You MUST look at the Voltage at the Solar Controller Terminals, the Inverter Terminals and the Battery Terminals and note the difference (there will be some). The Battery Packs themselves are the BOSS when it comes to Voltage.
If the Battery pack(s) is 50.0V and SCC is charging and reads as 49.5V you have a 0.500 Volt differential to Correct for. Then look at the inverter and it may be reading 49.25V then it needs to be corrected for the 0.750V difference.
The GOTCHAS ! There is a BIAS issue here as well. When a SCC or Inverter/Charger are CHARGING the batteries, the voltages at the terminals of the SCC or Charger will read higher as that is input power.

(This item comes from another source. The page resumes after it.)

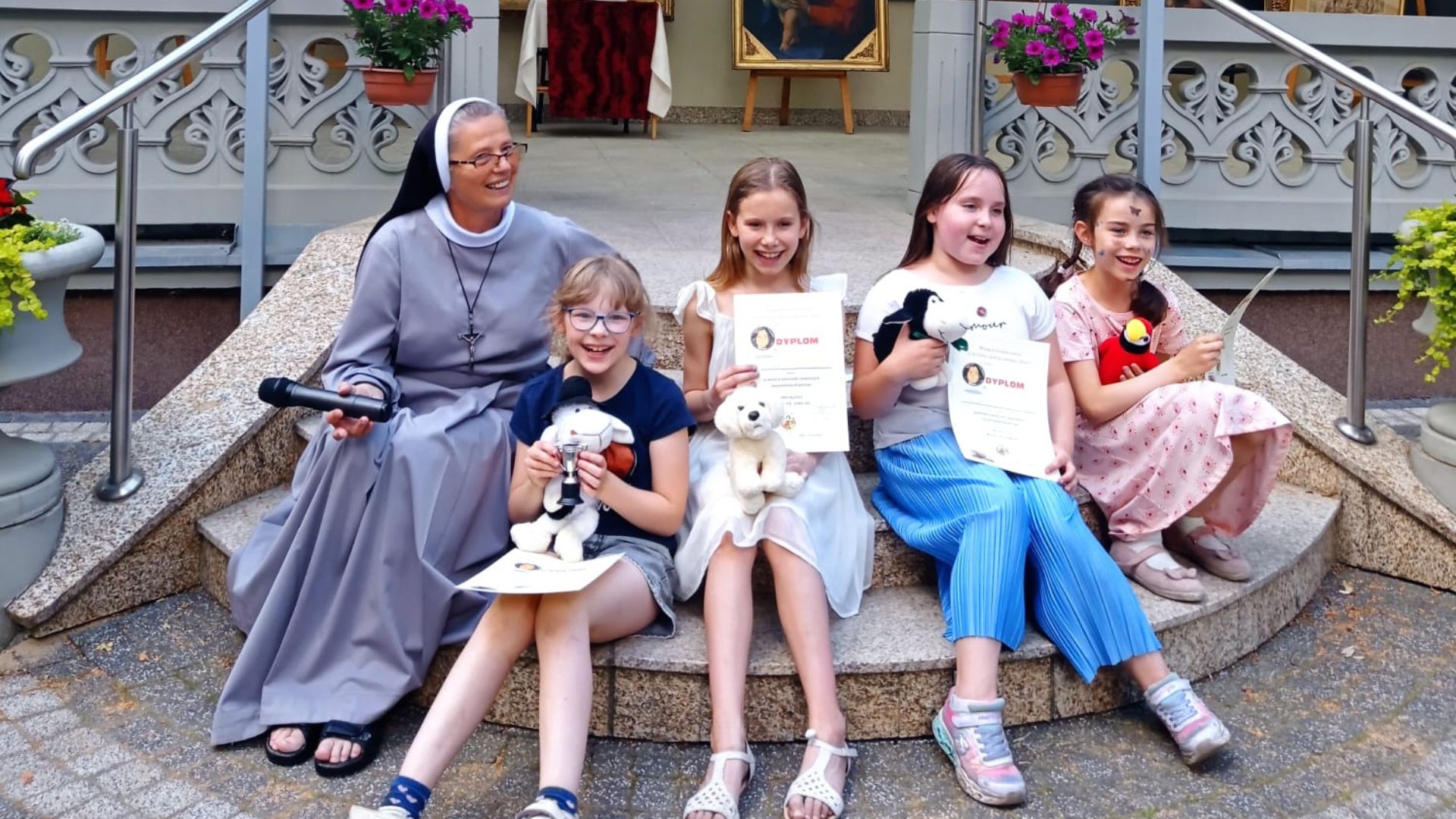 Nie można zapomnieć o dzieciach, które też miały swoje przysłowiowe „pięć minut”. Zrobiły przedstawienie pt. „Mała droga”, na plakacie Tereski domalowały kwiaty z okazji Jej 150 rocznicy urodzin, a w plenerze szukały odpowiedzi na pytania dotyczące życia Jubilatki. Zwieńczeniem było rozdanie dyplomów i symbolicznych nagród.

That is Charging Bias.
- When there is no solar power coming from the SCC the bias will make it read a lower voltage (normal) but you have to account for that when reading the displays/software.
- When the Inverter is Pulling from the batteries it will also be biased as well ad will read the voltages as a bit lower. THE GOTCHA is that it may disconnect before the actual voltage hits Low Volt Disconnect.

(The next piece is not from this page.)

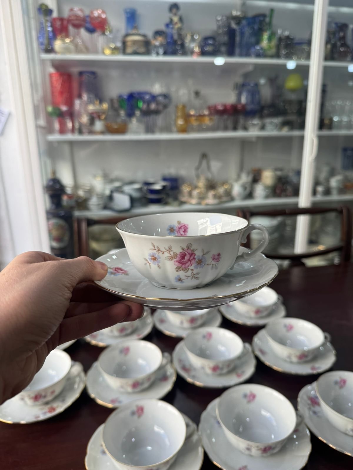 12 tazas de té con platos

The Key, is to correct the SCC so it is 100% corrected WHEN IT IS CHARGING so that is never goes over the settings for the batteries.

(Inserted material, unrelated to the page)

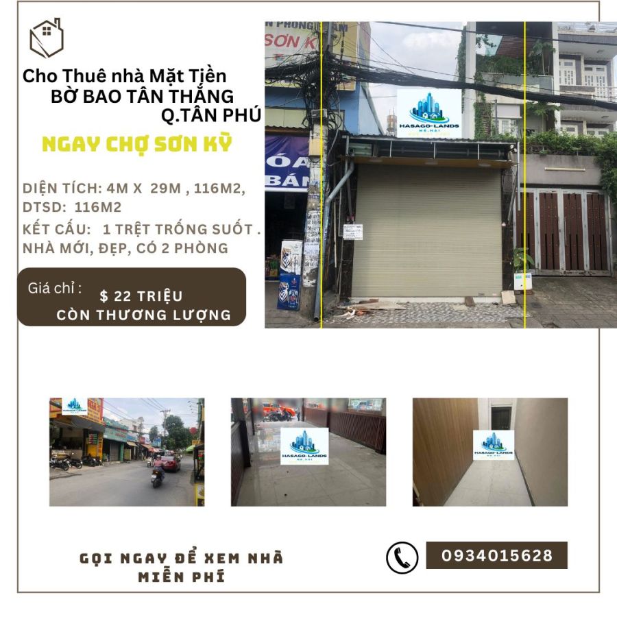 CỰC HIẾM - Cho thuê nhà Mặt Tiền Bờ Bao Tân Thắng 116m2, 22Triệu - NGAY CHỢ

The Inverter must be corrected so that it is reading the correct voltage during discharge, to prevent early / late Low Volt Disconnects.
Tier-1 Equipment do have OFFSET settings in their programming, some 2nd tier products do as well while Value grade generally do not.
I will not argue these points / issues there is no point... If you want to go ahead but I'm not interested... I have repeated this info NUMEROUS TIMES and tired of it. I am an ENGINEER (3 degrees) and doing fine electronics, data systems then into renewables for Many Years ! I build batteries and complete systems and have quite a bit out there and NO I do not mention my business ventures in here, I'm busy enough. I've written guides, docs for public consumption as well as a few BMS Manuals and work with BMS Manufacturers as we as Inverter/Solar systems manufacturers directly. It is also a bit of a bugger because I have several Non-Disclosure Agreements in place so I am restricted with the info I can provide in some cases.
Bottom Line
Use your Critical Thinking and apply conservative rationale and keep your system settings reasonable & polite to not suffer issues & problems.
Hope it helps, Good Luck.